Olu of Warri
- Reign: 17th century; 1674–1700 in the palace chronology
- Predecessor: Omoluyiri (palace chronology)
- Successor: Akenjoye
- Born: Unknown
- Died: Unknown
- House: House of Ginuwa

= Abejoye =

17th-century Olu of Warri in traditional king lists

Abejoye (also Abejioye or Abojioye) is the name given in Itsekiri royal lists to a 17th-century Olu of Warri. The current Warri palace chronology counts him as the tenth Olu, dates his reign to 1674–1700, and calls him Louis or Dom Luigi. It says that he succeeded his father, Omoluyiri, and was in turn succeeded by his son, Akenjoye.

The dates and Christian name attached to Abejoye vary among published reconstructions. William Moore's 1936 royal tree also lists Abojioye as the tenth Olu, but places Omoluyere before Oyenakpagha and gives no dates or Christian name for Abojioye. Historian Jorge Fonseca instead identifies Abejoye with Dom Matias, the ruler documented during a Capuchin mission of 1656–1660 and in a 1673 appeal to Portugal. The palace list assigns the name Matias to Omoluyiri instead. Events recorded under that Portuguese name can therefore be connected to Abejoye only with this disagreement made explicit.

==Names and chronology==

The palace uses the spellings Abejoye and Abejioye, while Moore printed Abojioye. Moore said that the activities of most early Olus had been forgotten and that even the surviving traditions about a small number of them were meagre. His sequence around Abejoye is Omoluyere, Oyenakpagha, Abojioye and Akenjioye, differing from the palace sequence of Oyenakpagha, Omoluyiri, Abejoye and Akenjoye. A 2022 study by Allegra Ayida, following Moore's account of the succession, likewise places Omoluyere among the claimants immediately after Atuwatse's death and before Oyenakpagha's accession.

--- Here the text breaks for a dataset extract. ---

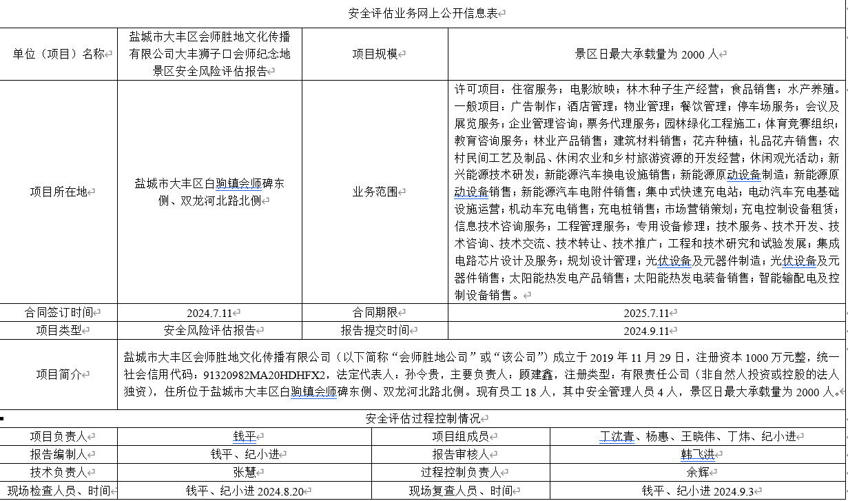 盐城市大丰区会师胜地文化传播有限公司大丰狮子口会师纪念地景区安全风险评估报告

Anthropologist P. C. Lloyd found that little was known about the Olus who reigned before the mid-18th century. He noted discrepancies between two king lists available by the 1950s and reported that most elders could not name more than half of the earlier rulers. Lloyd suggested that this loss of names may partly reflect a ritual practice in which past Olus were invoked collectively rather than individually.

Fonseca's reconstruction lists Omoluyere and Abejoye as successive 17th-century rulers, identifies Abejoye as Dom Matias, and identifies Akenjoye as Dom Ludovico Domingos, with an approximate reign of 1675–1709. The palace also associates Akenjoye with Dom Ludivico Domingo, but dates his reign to 1701–1709. Joseph Kenny's study of the missionary evidence emphasises that the accounts are difficult to reconcile. Kenny identifies the Olu documented in 1690 as Lewis II and infers that a deceased elder brother had been Lewis I, but he does not give that elder brother an Itsekiri throne name.

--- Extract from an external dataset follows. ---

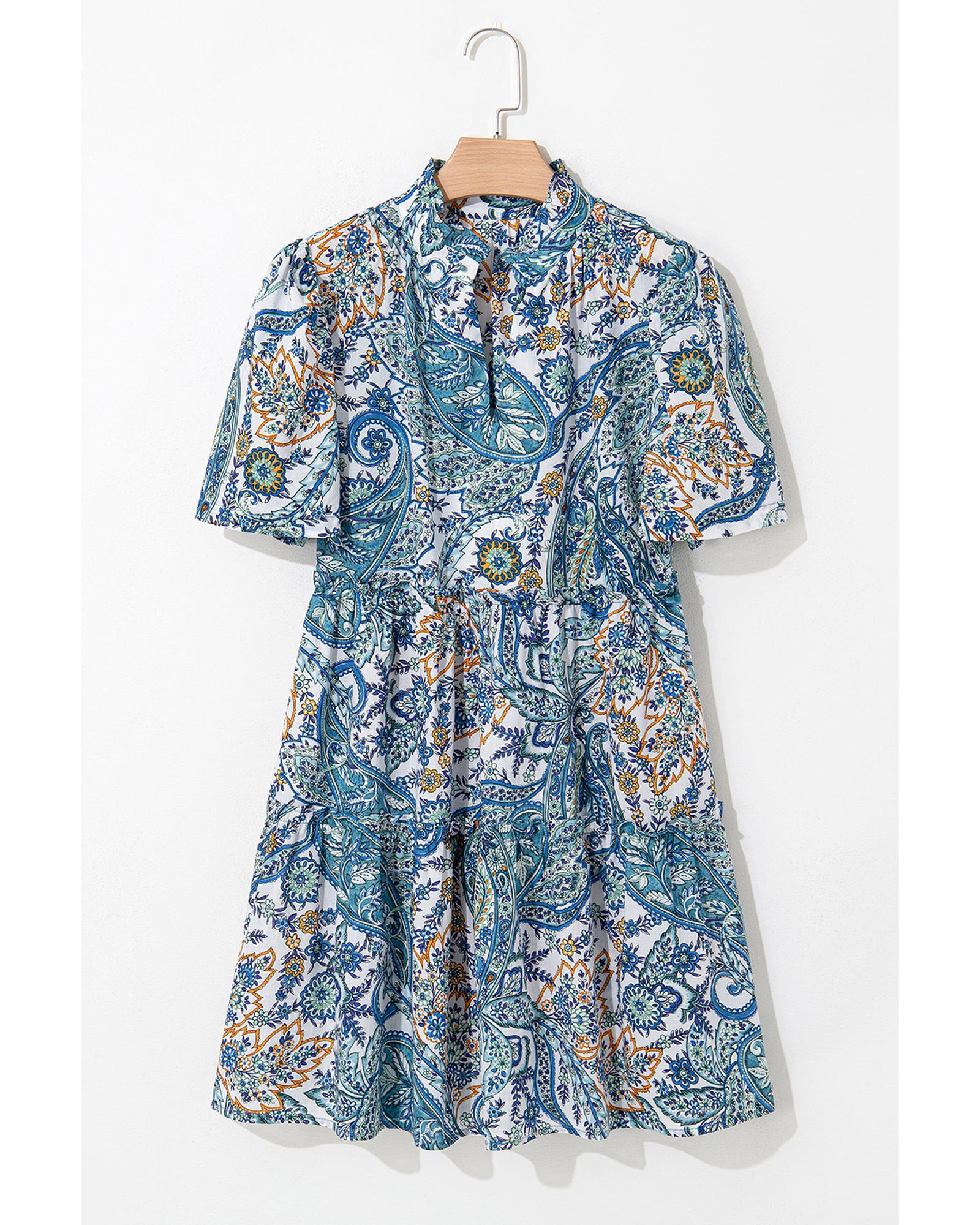 - Blue Bohemian Paisley Floral V Neck Short Sleeve Mini Dress

==Possible identification with Dom Matias==

===Accession and parentage===

The principal narrative about Dom Matias was written by the Capuchin Bonaventura da Firenze, who worked in Warri in the late 1650s. Bonaventura wrote that the previous Olu's Portuguese wife died in childbirth together with her child, after which the king had four sons and four daughters by African women. The eldest son, Matthias, was seven or eight when his father died. Court officials left the royal title to the boy but governed for nine years, transferring full authority to him when he was about eighteen.

Bonaventura was unsure whether the former ruler's name had been Antonio or David. Kenny consequently sets out three possible reconstructions: Matias may have been the same person as the Antonio Domingos reported as Olu in 1644; Matias and Antonio may have been half-brothers and sons of Dom Domingos; or Matias may have been Antonio's son. Fonseca adopts the half-brother reconstruction, describing Matias and Antonio Domingos as sons of Dom Domingos by African and Portuguese mothers respectively, and associates Matias with Abejoye in his dynastic table.

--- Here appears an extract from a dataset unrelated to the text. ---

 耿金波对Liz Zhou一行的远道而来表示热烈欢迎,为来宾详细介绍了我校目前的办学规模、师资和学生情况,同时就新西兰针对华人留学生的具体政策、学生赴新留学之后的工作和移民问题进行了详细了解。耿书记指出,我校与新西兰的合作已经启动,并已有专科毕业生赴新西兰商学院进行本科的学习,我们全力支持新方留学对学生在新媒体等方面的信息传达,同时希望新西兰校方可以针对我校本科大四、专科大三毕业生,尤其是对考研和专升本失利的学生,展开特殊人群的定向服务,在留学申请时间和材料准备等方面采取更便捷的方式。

===Capuchin mission and marriage===

The Capuchins Angelo Maria da Ajaccio and Bonaventura da Firenze reached Warri in 1656. According to the missionary account, Matias received them favourably, arranged for the dilapidated church to be repaired, and allowed them to preach. The missionaries hoped that the king would set an example by entering a monogamous Christian marriage. Matias said that he would do so if a white wife could be found, as his father had married one. A 20-year-old woman living on São Tomé agreed to the marriage with the consent of her parents and was ceremonially received in Warri. Fonseca dates the marriage to 1659 or 1660.

Conflict with Portuguese officials and traders prevented the mission from becoming permanent. The two Capuchins left Warri for São Tomé around the beginning of 1660, intending to seek reinforcements, but were imprisoned there and sent away. Although they were later cleared in Lisbon and given permission to return, neither resumed the Warri mission.

===Appeal to Portugal and succession===

In October 1673 the Olu gave a visiting Franciscan a letter to the king of Portugal. He complained that no priest had come since Angelo Maria da Ajaccio's departure, asked for missionaries, and described the decline of Portuguese shipping to Warri. Fonseca attributes the appeal to Matias.

No effective response followed until 1684. Fonseca states that Dom Ludovico Domingos was then Olu and identifies him with Akenjoye, not Abejoye. A later mission produced a letter dated 16 January 1690 from an Olu called Lewis II, granting land for a Capuchin church and residence. The missionary Francesco da Monteleone described this ruler as young and said that he had inherited the wives of both his father and a deceased elder brother. Kenny labels the brother Lewis I and considers the two brothers likely sons of Matias or of the ruler called Domingos II in a suspect 1653 letter. These records establish a change of ruler between the 1673 appeal and the 1680s, but the surviving sources do not produce a single, uncontested match between the Portuguese names and the Itsekiri king lists.